## ASSIGNMENT
Would you retype exactly the lines below, starting with the one that has "Keywords: Я. Кругер." and going on through the one that has "또는 component-scan )", with no pictures and nothing else?

## EXTRACTED MATERIAL
'''

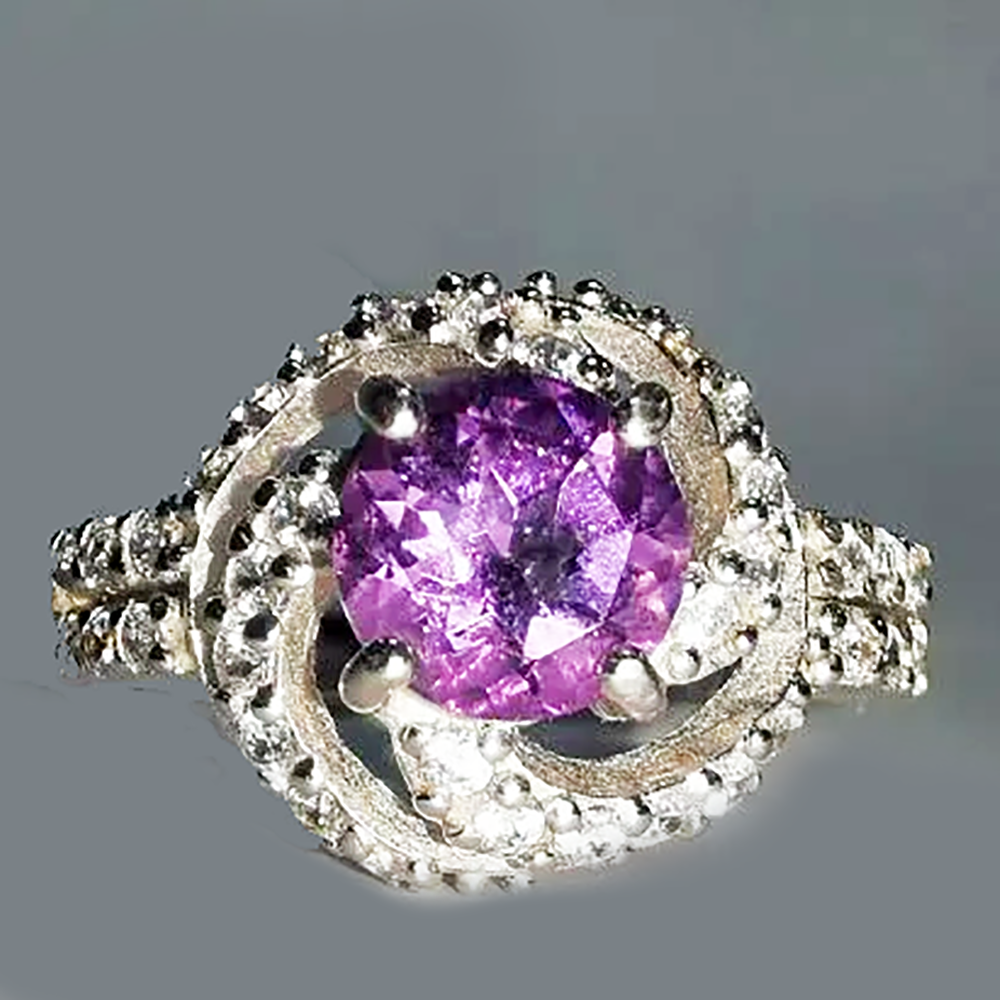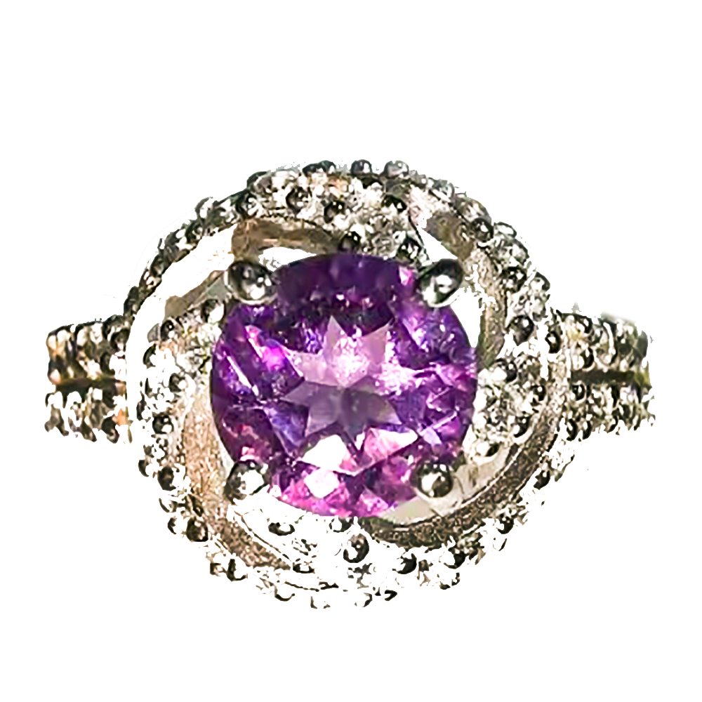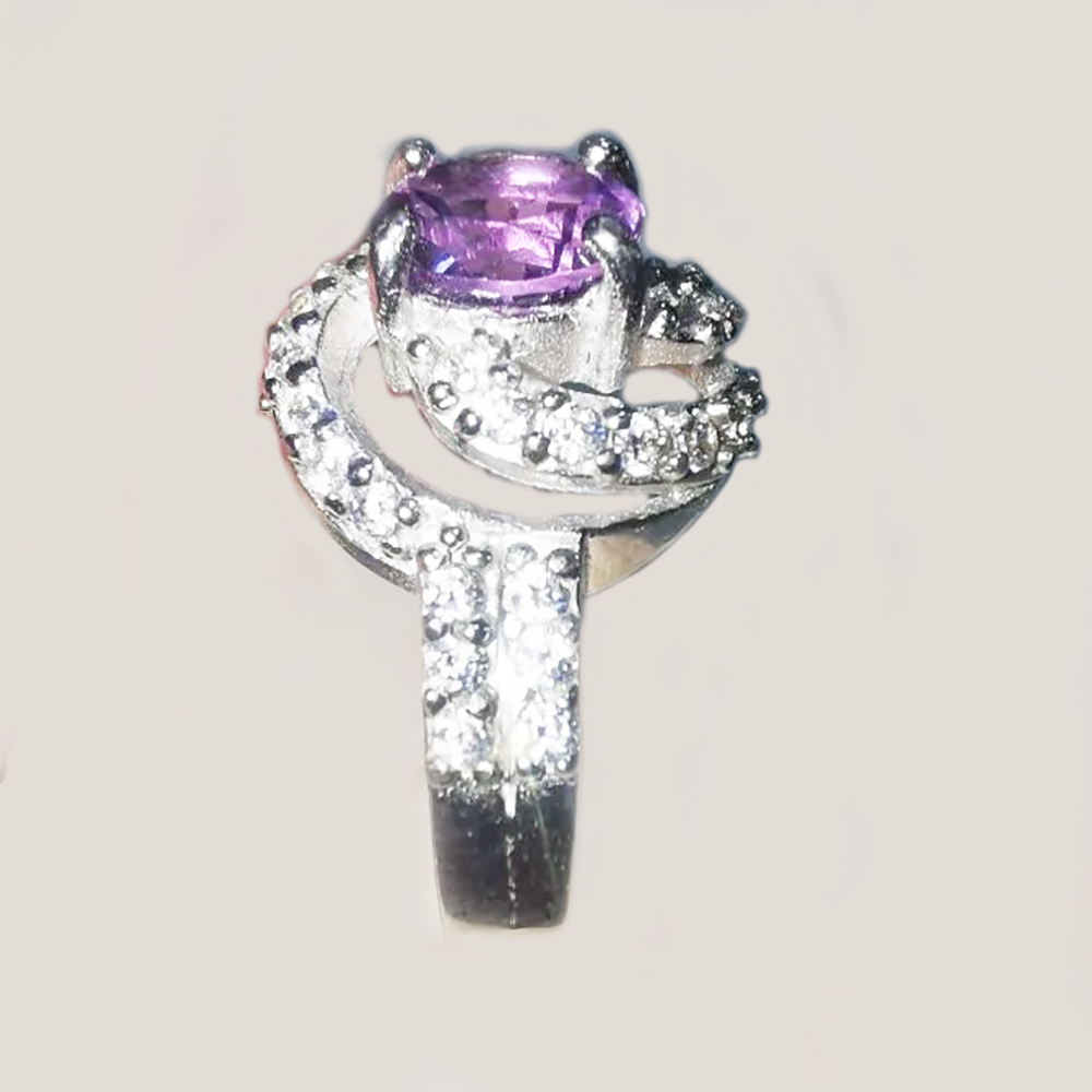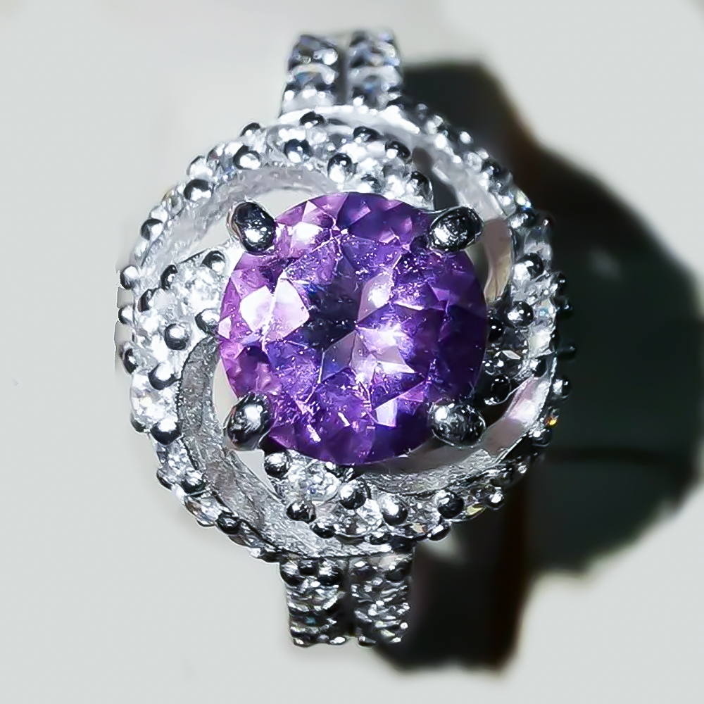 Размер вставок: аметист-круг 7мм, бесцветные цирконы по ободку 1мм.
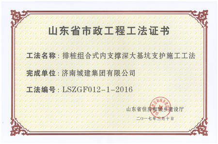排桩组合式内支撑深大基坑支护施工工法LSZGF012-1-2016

'''
'''

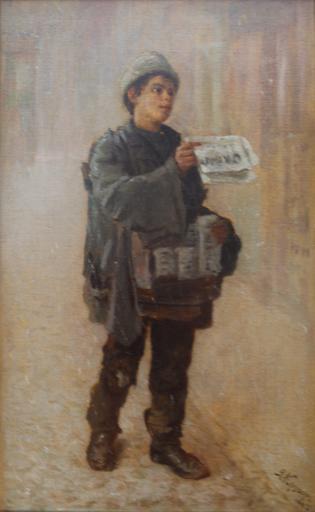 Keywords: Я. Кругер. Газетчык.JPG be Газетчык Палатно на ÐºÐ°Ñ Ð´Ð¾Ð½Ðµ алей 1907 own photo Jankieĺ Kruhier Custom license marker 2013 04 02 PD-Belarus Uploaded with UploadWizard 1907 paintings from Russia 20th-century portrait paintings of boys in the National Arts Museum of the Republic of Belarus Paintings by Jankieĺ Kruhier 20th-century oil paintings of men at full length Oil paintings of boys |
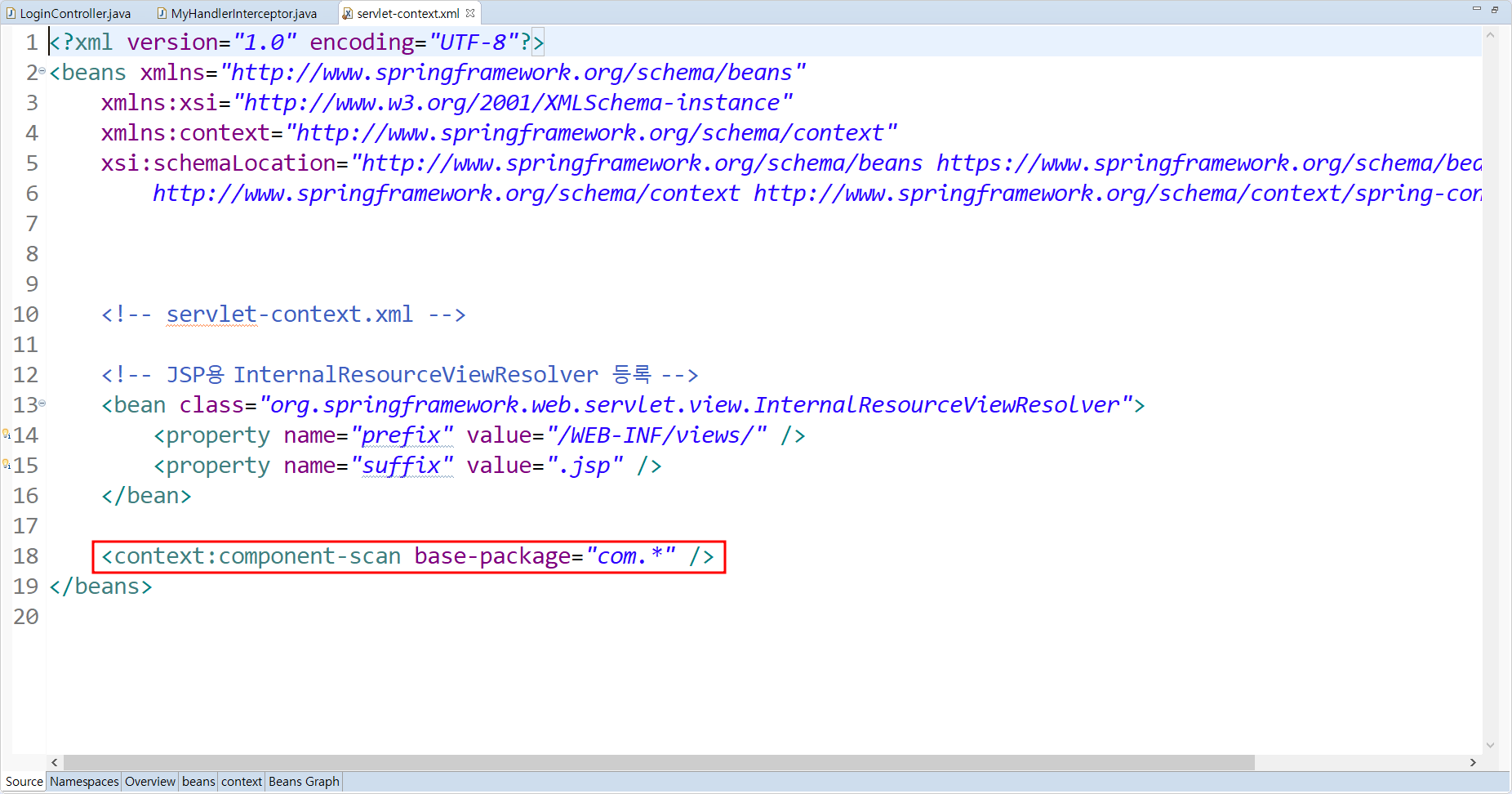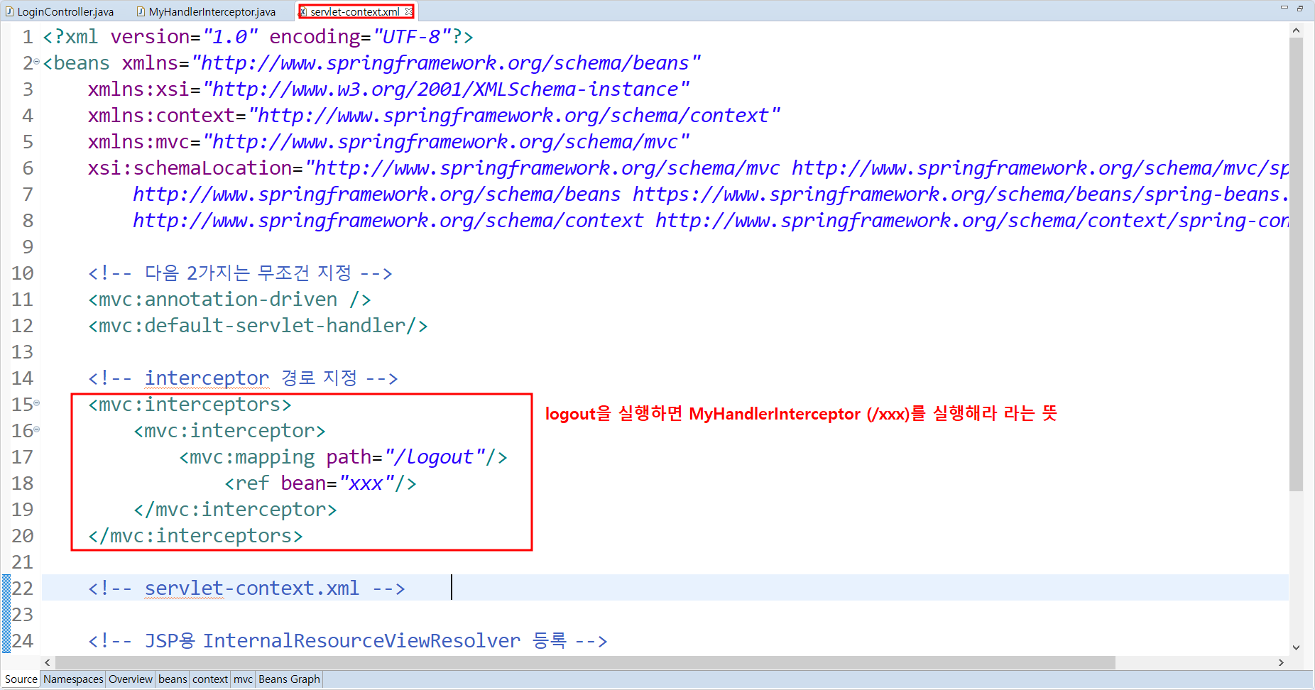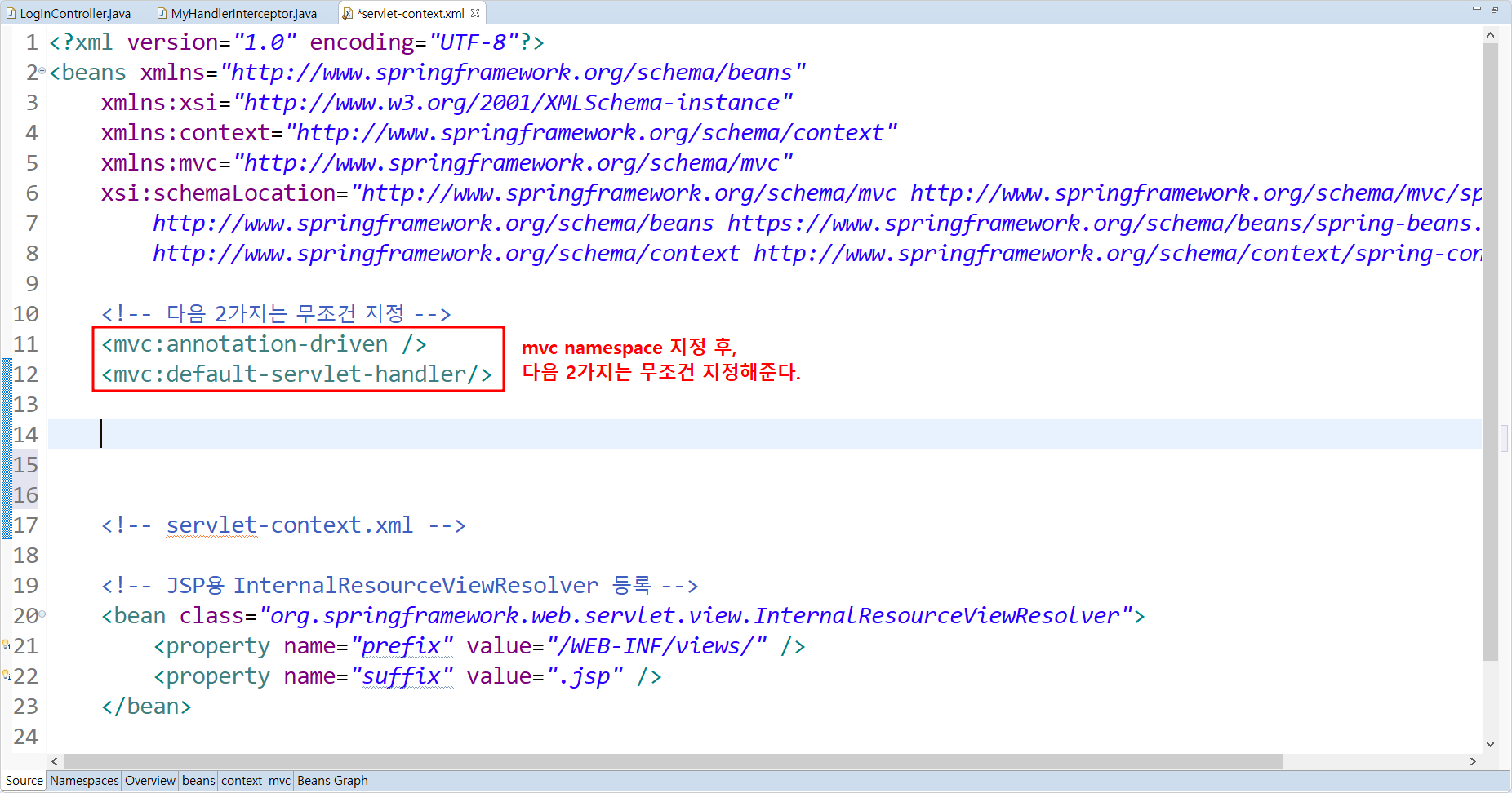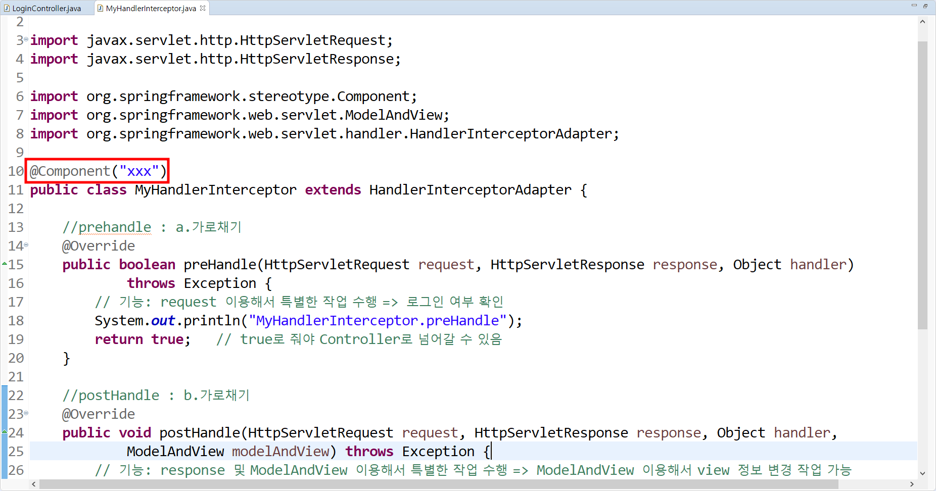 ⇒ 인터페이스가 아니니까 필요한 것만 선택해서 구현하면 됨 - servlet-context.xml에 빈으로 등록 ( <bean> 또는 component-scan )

'''

## SOLVED EXERCISE
 Keywords: Я. Кругер. Газетчык.JPG be Газетчык Палатно на ÐºÐ°Ñ Ð´Ð¾Ð½Ðµ алей 1907 own photo Jankieĺ Kruhier Custom license marker 2013 04 02 PD-Belarus Uploaded with UploadWizard 1907 paintings from Russia 20th-century portrait paintings of boys in the National Arts Museum of the Republic of Belarus Paintings by Jankieĺ Kruhier 20th-century oil paintings of men at full length Oil paintings of boys |
 ⇒ 인터페이스가 아니니까 필요한 것만 선택해서 구현하면 됨 - servlet-context.xml에 빈으로 등록 ( <bean> 또는 component-scan )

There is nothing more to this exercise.